TASK DESCRIPTION: Print the records below exactly, from the line containing "Hamakaze was heavily" down to the line containing "Portfolios employing the", both lines included, and omit every picture.

RECORDS:
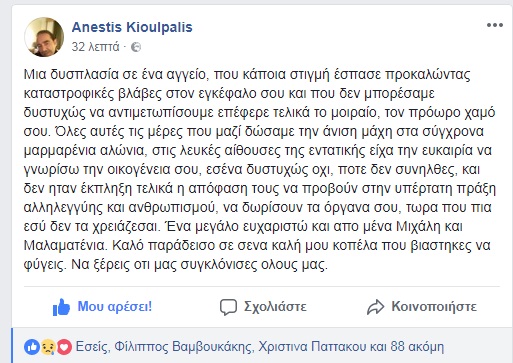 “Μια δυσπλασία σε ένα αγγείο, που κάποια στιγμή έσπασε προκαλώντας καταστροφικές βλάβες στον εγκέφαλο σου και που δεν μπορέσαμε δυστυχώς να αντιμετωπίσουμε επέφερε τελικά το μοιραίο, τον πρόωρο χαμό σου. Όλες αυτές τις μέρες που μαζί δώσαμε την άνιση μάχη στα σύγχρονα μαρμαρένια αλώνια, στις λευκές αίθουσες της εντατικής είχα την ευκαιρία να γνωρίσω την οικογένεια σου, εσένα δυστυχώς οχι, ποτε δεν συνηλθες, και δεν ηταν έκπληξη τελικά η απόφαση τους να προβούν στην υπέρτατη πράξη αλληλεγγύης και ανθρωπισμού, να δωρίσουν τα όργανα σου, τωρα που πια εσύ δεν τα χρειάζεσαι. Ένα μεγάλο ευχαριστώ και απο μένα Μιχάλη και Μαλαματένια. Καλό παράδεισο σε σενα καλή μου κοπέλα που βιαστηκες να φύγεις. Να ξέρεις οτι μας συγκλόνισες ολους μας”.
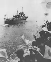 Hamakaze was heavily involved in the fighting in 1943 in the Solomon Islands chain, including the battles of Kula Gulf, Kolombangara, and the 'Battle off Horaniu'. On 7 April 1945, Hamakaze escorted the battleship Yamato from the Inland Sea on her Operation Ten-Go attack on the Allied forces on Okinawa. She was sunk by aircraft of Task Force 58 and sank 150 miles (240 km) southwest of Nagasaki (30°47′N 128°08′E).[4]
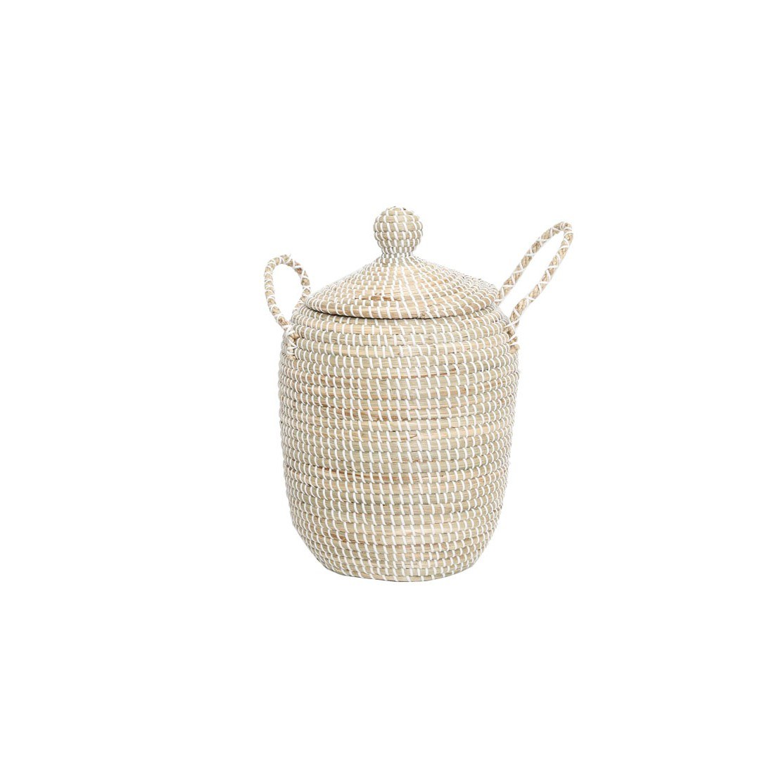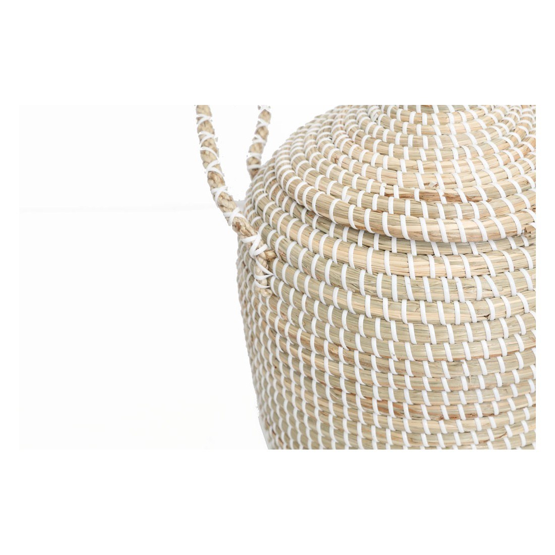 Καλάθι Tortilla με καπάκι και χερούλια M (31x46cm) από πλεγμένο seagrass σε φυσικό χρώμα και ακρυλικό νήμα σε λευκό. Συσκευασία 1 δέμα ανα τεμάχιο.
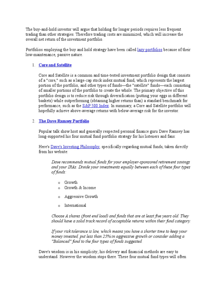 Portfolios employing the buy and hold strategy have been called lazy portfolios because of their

==

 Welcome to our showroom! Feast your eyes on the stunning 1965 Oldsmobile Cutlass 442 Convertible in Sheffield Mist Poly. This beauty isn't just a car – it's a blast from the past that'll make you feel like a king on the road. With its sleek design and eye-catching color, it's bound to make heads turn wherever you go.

TASK RESULT:
 Hamakaze was heavily involved in the fighting in 1943 in the Solomon Islands chain, including the battles of Kula Gulf, Kolombangara, and the 'Battle off Horaniu'. On 7 April 1945, Hamakaze escorted the battleship Yamato from the Inland Sea on her Operation Ten-Go attack on the Allied forces on Okinawa. She was sunk by aircraft of Task Force 58 and sank 150 miles (240 km) southwest of Nagasaki (30°47′N 128°08′E).[4]
 Καλάθι Tortilla με καπάκι και χερούλια M (31x46cm) από πλεγμένο seagrass σε φυσικό χρώμα και ακρυλικό νήμα σε λευκό. Συσκευασία 1 δέμα ανα τεμάχιο.
 Portfolios employing the buy and hold strategy have been called lazy portfolios because of their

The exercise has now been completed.